• _The data_:
^^^^

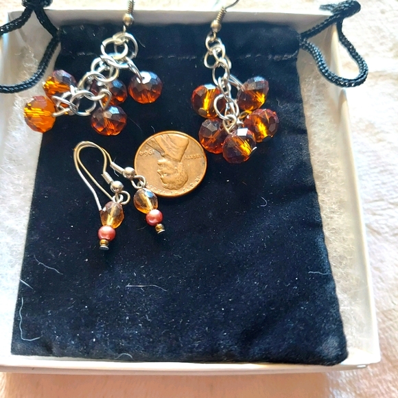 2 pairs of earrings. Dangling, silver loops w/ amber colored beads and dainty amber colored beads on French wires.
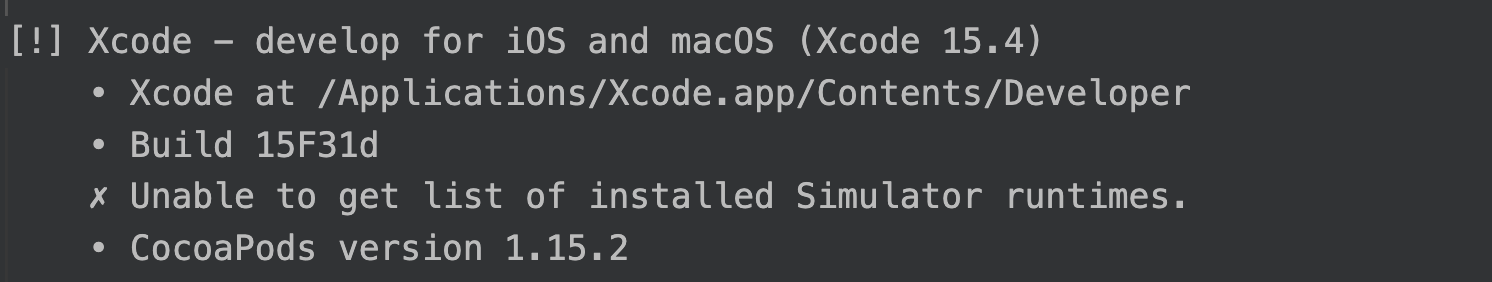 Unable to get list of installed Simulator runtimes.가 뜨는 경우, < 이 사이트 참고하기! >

^^^^

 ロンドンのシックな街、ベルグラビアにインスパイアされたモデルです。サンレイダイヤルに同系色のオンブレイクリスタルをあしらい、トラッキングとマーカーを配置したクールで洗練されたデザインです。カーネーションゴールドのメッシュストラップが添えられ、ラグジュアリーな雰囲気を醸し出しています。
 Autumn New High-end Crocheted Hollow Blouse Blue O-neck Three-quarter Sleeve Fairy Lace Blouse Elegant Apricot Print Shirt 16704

^^^^

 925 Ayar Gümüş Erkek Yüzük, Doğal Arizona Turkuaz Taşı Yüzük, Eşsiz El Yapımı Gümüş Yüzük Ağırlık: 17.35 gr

^^^^

• _Activity_:
Of the lines above, extract only those from the line with "ロンドンのシックな街、ベルグ" to the line with "Autumn New High-end", both included, exactly as written.

• _Solution for this task_:
 ロンドンのシックな街、ベルグラビアにインスパイアされたモデルです。サンレイダイヤルに同系色のオンブレイクリスタルをあしらい、トラッキングとマーカーを配置したクールで洗練されたデザインです。カーネーションゴールドのメッシュストラップが添えられ、ラグジュアリーな雰囲気を醸し出しています。
 Autumn New High-end Crocheted Hollow Blouse Blue O-neck Three-quarter Sleeve Fairy Lace Blouse Elegant Apricot Print Shirt 16704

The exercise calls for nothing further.